- Prompt
Output exactly, in the material below, the lines from the one with "Pemerintah Kabupaten (Pemkab)" through the one with "Po importu se". Omit all pictures.

- Data records

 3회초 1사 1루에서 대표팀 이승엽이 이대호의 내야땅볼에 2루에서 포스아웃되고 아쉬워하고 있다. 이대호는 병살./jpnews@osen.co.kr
==
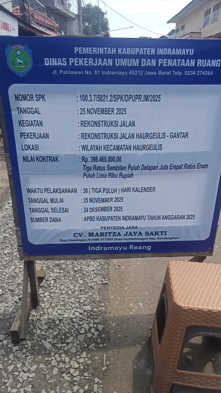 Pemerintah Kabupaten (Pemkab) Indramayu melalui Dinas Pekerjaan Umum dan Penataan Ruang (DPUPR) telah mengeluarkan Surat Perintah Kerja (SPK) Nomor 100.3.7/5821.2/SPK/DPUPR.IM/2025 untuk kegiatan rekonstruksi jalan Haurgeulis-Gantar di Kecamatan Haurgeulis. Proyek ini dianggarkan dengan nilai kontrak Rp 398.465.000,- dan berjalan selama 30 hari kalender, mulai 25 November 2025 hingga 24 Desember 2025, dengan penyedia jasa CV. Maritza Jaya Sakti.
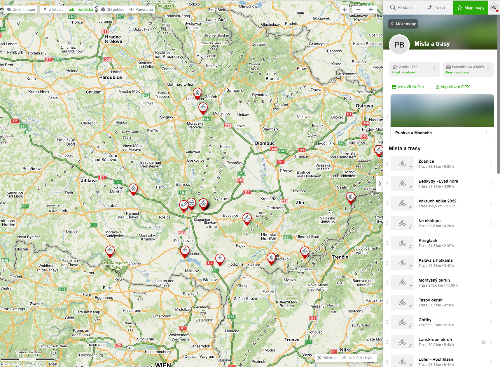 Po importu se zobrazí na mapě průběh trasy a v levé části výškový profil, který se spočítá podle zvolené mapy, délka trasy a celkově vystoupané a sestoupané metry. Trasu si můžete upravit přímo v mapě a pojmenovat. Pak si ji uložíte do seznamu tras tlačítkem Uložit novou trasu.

- Answer
 Pemerintah Kabupaten (Pemkab) Indramayu melalui Dinas Pekerjaan Umum dan Penataan Ruang (DPUPR) telah mengeluarkan Surat Perintah Kerja (SPK) Nomor 100.3.7/5821.2/SPK/DPUPR.IM/2025 untuk kegiatan rekonstruksi jalan Haurgeulis-Gantar di Kecamatan Haurgeulis. Proyek ini dianggarkan dengan nilai kontrak Rp 398.465.000,- dan berjalan selama 30 hari kalender, mulai 25 November 2025 hingga 24 Desember 2025, dengan penyedia jasa CV. Maritza Jaya Sakti.
 Po importu se zobrazí na mapě průběh trasy a v levé části výškový profil, který se spočítá podle zvolené mapy, délka trasy a celkově vystoupané a sestoupané metry. Trasu si můžete upravit přímo v mapě a pojmenovat. Pak si ji uložíte do seznamu tras tlačítkem Uložit novou trasu.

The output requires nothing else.